◆ **Task**
Of all the lines below, return only those starting with the line holding "The Fear & Greed" and going on through the line holding "A photograph, taken", exactly as written.

◆ **Records supplied**

*****

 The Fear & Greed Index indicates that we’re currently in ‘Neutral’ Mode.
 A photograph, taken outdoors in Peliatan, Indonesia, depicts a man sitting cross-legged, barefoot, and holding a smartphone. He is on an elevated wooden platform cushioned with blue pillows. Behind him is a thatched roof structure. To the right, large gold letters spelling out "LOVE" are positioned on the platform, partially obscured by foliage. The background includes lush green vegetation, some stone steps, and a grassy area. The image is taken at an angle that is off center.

*****

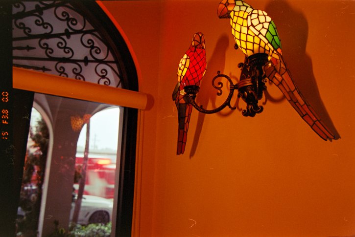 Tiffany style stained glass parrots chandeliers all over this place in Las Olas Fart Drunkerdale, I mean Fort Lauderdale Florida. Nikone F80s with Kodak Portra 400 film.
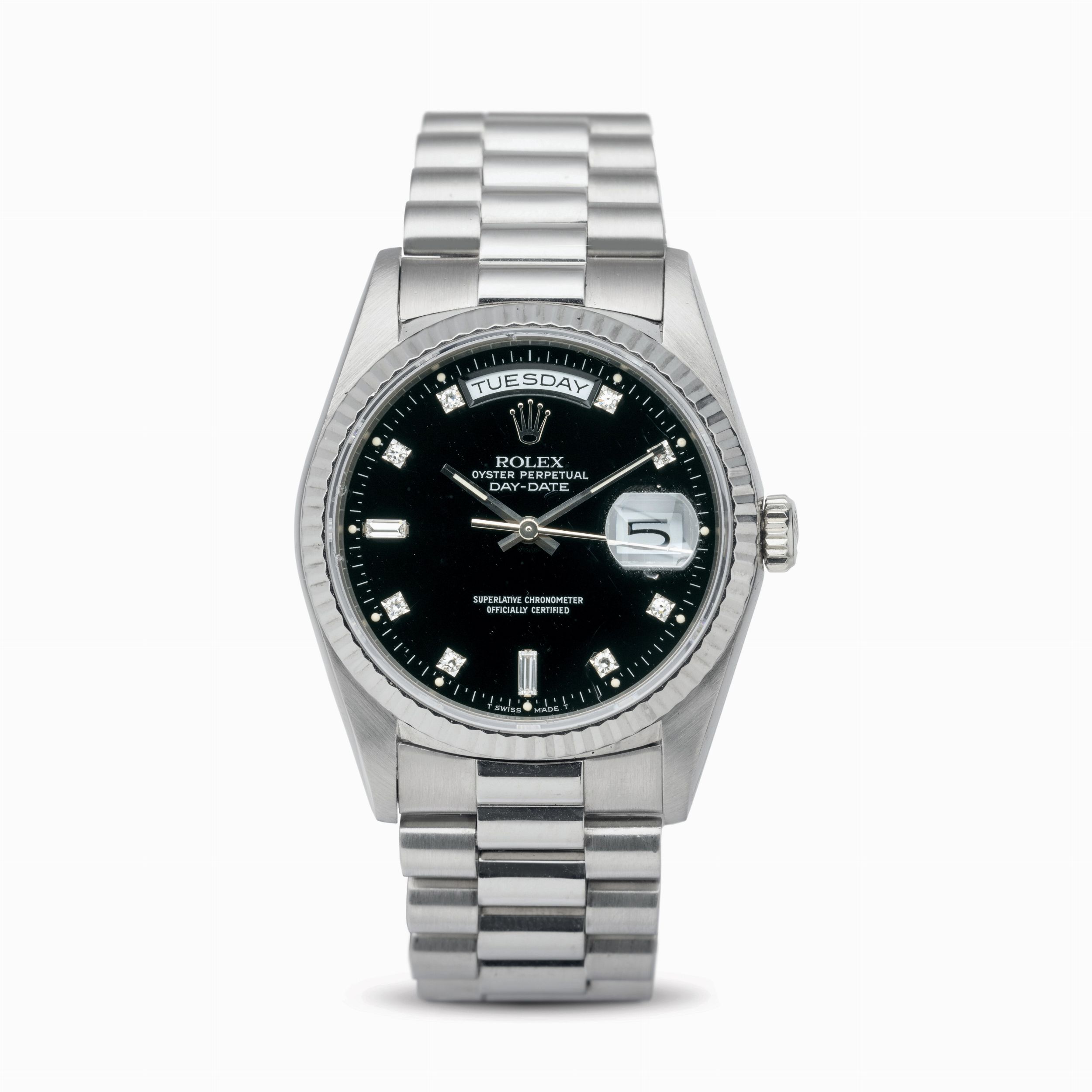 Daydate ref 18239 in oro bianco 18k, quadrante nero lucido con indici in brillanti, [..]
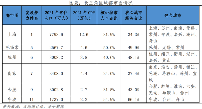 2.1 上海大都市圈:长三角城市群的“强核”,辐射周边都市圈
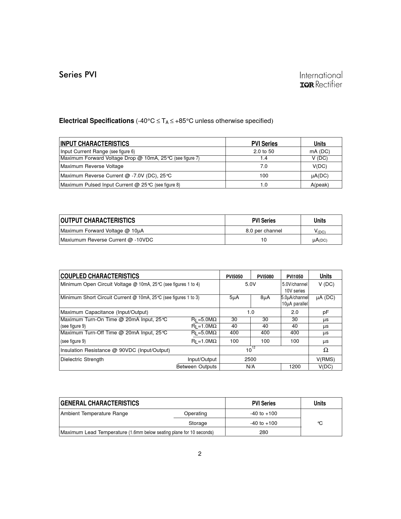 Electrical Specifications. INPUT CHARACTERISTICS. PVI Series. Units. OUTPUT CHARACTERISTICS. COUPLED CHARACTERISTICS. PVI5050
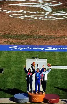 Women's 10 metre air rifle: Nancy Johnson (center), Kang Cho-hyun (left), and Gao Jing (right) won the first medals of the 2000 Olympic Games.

*****

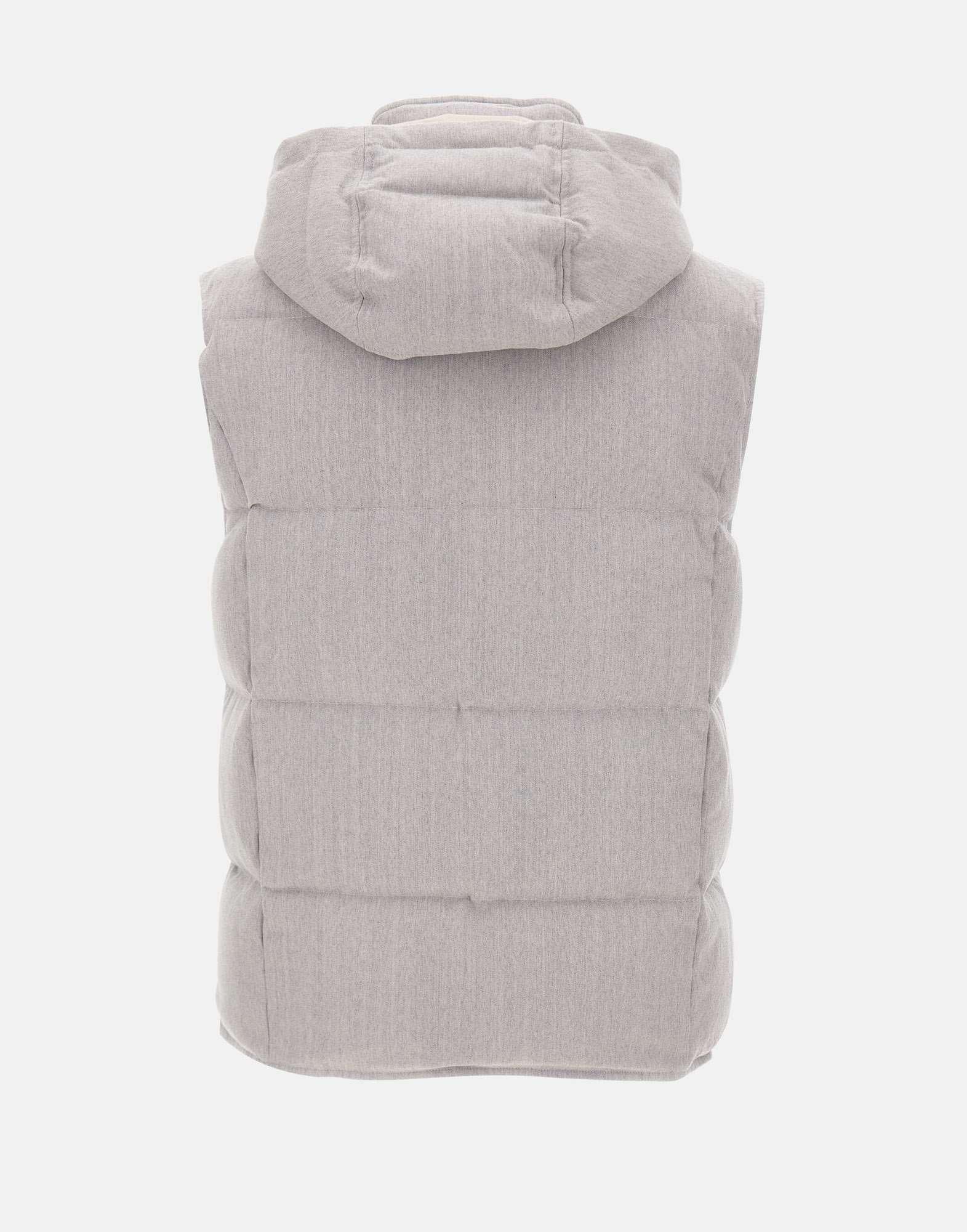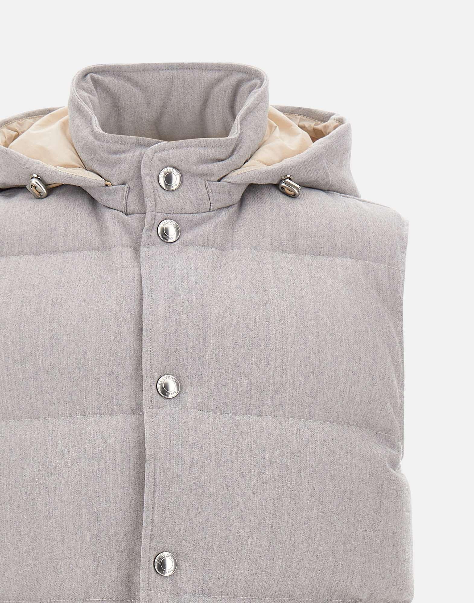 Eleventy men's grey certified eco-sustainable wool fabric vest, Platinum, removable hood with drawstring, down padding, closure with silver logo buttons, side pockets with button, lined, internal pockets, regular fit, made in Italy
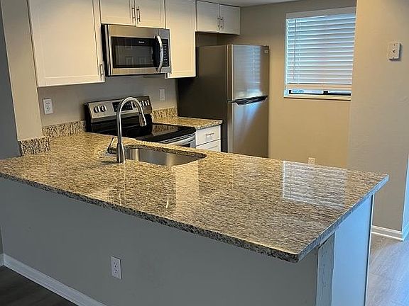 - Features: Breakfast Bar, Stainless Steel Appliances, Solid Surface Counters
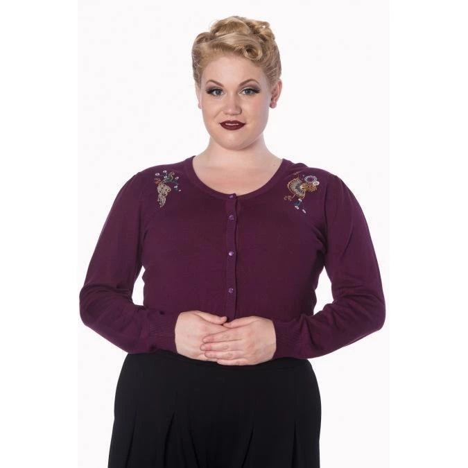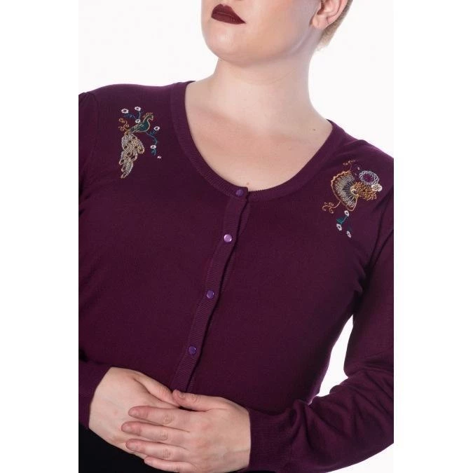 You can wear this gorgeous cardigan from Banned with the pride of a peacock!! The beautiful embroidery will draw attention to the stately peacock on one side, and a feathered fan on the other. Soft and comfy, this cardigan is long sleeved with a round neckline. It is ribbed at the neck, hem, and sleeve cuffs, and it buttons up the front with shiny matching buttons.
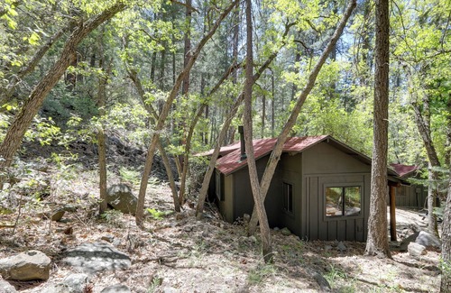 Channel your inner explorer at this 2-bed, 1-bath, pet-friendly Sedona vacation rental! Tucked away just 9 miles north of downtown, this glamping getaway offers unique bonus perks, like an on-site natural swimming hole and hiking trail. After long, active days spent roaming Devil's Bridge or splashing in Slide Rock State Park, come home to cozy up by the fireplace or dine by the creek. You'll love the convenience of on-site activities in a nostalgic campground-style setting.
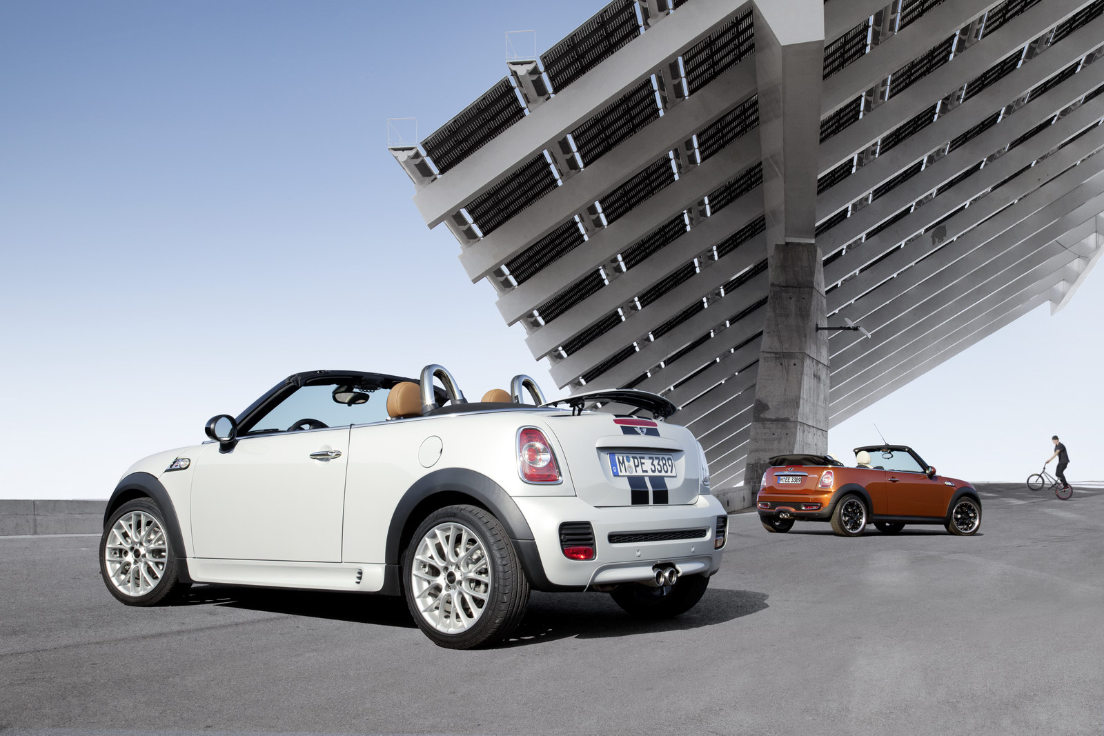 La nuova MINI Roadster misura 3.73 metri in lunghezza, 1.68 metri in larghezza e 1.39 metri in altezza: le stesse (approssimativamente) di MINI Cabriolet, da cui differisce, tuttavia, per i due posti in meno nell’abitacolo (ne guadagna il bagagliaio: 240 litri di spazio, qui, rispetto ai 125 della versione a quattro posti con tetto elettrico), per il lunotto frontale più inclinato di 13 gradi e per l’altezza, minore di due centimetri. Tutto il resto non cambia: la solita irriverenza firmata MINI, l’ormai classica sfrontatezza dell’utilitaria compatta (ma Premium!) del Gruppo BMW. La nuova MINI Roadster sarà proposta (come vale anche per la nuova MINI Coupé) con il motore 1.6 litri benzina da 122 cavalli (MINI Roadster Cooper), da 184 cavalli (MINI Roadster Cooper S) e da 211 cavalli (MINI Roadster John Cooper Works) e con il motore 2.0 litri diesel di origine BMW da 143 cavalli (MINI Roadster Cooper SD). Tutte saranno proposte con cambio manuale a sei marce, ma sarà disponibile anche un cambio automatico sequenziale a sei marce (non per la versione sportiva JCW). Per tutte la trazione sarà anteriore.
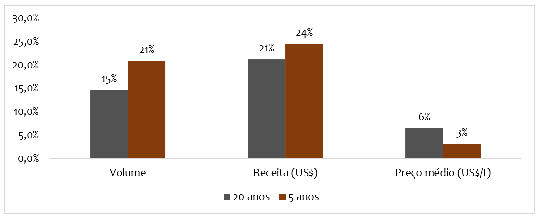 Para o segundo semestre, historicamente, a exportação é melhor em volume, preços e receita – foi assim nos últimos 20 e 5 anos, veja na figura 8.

*****

◆ **Solution to the exercise**
 The Fear & Greed Index indicates that we’re currently in ‘Neutral’ Mode.
 A photograph, taken outdoors in Peliatan, Indonesia, depicts a man sitting cross-legged, barefoot, and holding a smartphone. He is on an elevated wooden platform cushioned with blue pillows. Behind him is a thatched roof structure. To the right, large gold letters spelling out "LOVE" are positioned on the platform, partially obscured by foliage. The background includes lush green vegetation, some stone steps, and a grassy area. The image is taken at an angle that is off center.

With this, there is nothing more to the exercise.